Question: What are some similarities between your characters Craig (in Season 1) and Chauncley (in Season 2)?
Daniel Radcliffe: They’re both socially inept but come from completely different places. Craig’s social ineptitude is caused by him being overly analytical and self-aware, whereas Chauncley has no self-awareness. He starts as someone who’s psychotically stupid, and his journey is one of starting to become a good person by the end. It’s a very different role for me – I’ve never done anything this broad before. It’s very hard to find a grounded and subtle way of playing someone who dances with ducks.
Q: Given the medieval setting, did you have to learn how to swordfight or ride horses?
Radcliffe: I got out of that, thankfully. When we were first doing the show, I was like, “I’m definitely going to have to ride.” I can get on a horse and go from point A to point B, but I don’t love it. I also didn’t have to do any sort of fighting because my character’s a coward. Really, the only thing I had to do was called “duck training,” where I’d stand there for 10 minutes, and the (animal handlers) would be like, “Pick up the duck. Now put it down again. Cool, need anything else from us?”

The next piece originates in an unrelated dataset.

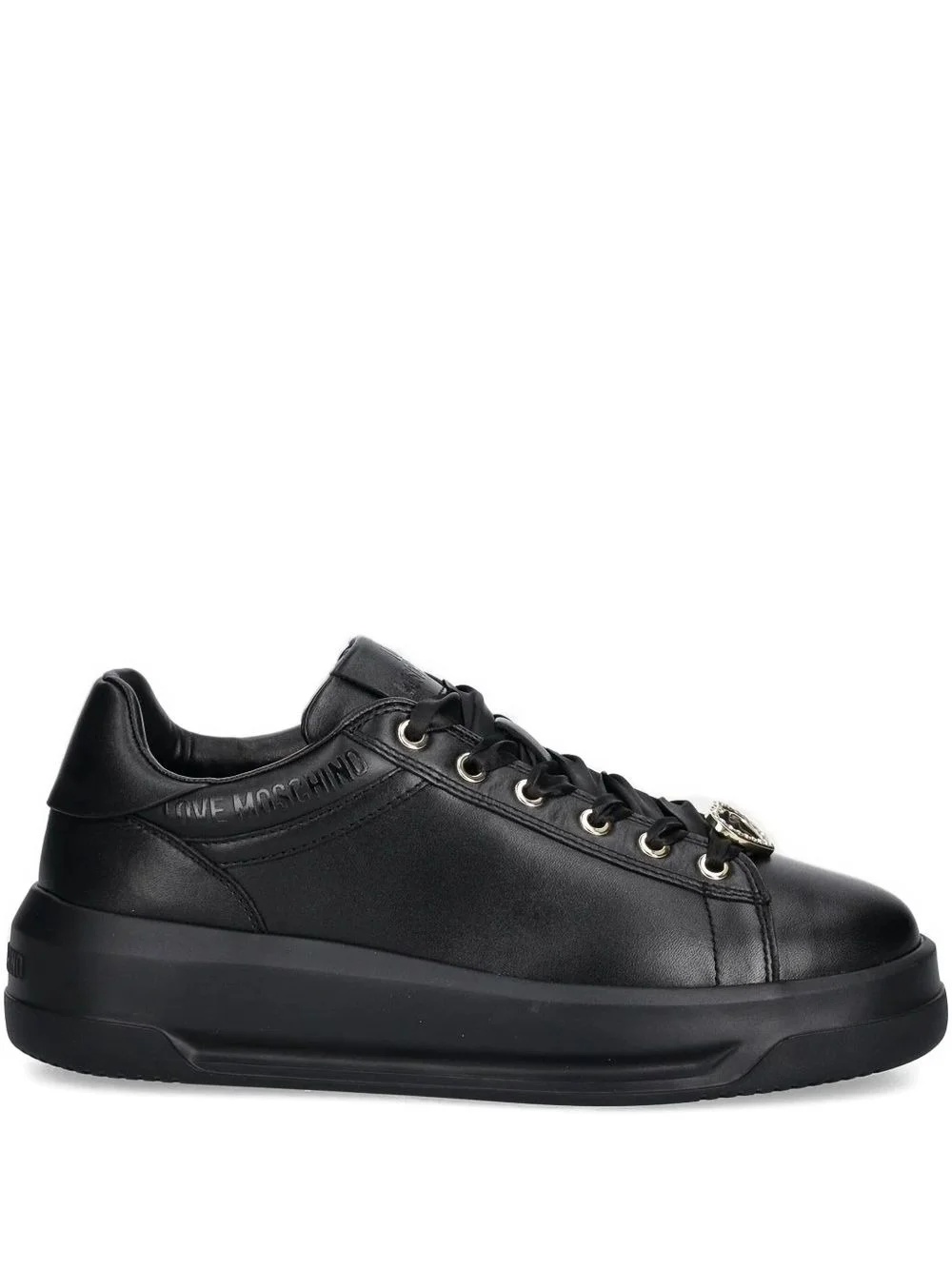 embellished lace-up sneakers Highlights - Black - Leather upper - Heart embellishment - Lace-up fastening - Rubber outsole Imported Composition Outer: Calf Leather 100% Lining: Calf Leather 100%, Fabric 100%, Polyurethane 100% Sole: Rubber 100%

Q: Aside from the cast, are there any connective threads between the stories in seasons 1 and 2?
Radcliffe: We discovered some as we were going along, but I don’t even know if they’re intentional. It’s really little things, like a scene where me and Geraldine’s character end up spreading a map out on a table and poring over it and working out a plan, which is an echo of something from the first season, (which was) thematically about finding the bravery to be yourself. And the second has a more parental theme: How do we love our parents, and how do we move away from (them)? But done in the craziest, most heightened context.
Q: You’ve appeared in Broadway shows, independent films and now TV series in the decade since “Harry Potter.” What was the most difficult part of making that transition?
Radcliffe: There’s a lovely thing, which is that I’m open to some weirder stuff. Well, maybe other people say it’s weird, but I just think it’s fun. And weird begets weird, so then you become known for responding to those scripts and get sent (them). What I had to learn is that I’m in a position very few actors are in, which is you have autonomy over your career. And because “Potter” has been very good to me financially, you can pick and choose some (projects) purely because it makes you happy.
There was a stage where I thought I should be doing a certain type of film, and it was a very valuable lesson to learn that, “Oh, I shouldn’t necessarily do something because it’s the right thing to do on paper.” I was very worried at the end of “Potter” because I didn’t know what the future was going to be or what my life was like without that thing. But if you told me then that in 10 years, I’d have made films like “Horns” and “Kill Your Darlings” and “Guns Akimbo” and “Swiss Army Man,” I’d have bitten your hand off. “Potter” was this amazing start, and then I had to step back and say, “OK, what do you want your career to be?”
Q: I spoke to your “Harry Potter” co-star Rupert Grint, who said he recently re-watched “Sorcerer’s Stone” (released in 2001, when Radcliffe was just 11 years old). Have you seen any of the movies lately?
Radcliffe: Yeah, I was at the gym on Thanksgiving and it was just on a loop on some channel. I came into the gym and there was a little bit of recognition at the door, but it settled down and I was like, “OK, cool, cool.” And then I get on the treadmill and look up, and it’s (expletive) me in the third film (“Harry Potter and the Prisoner of Azkaban”)! It’s funny. I don’t know if I can watch them, just because I don’t know if I’m ready for that opioid-level hit of nostalgia. It would be too much of a mixture of sadness and happiness and embarrassment. But I will watch them again at some point. It’s definitely not something I seek out, though.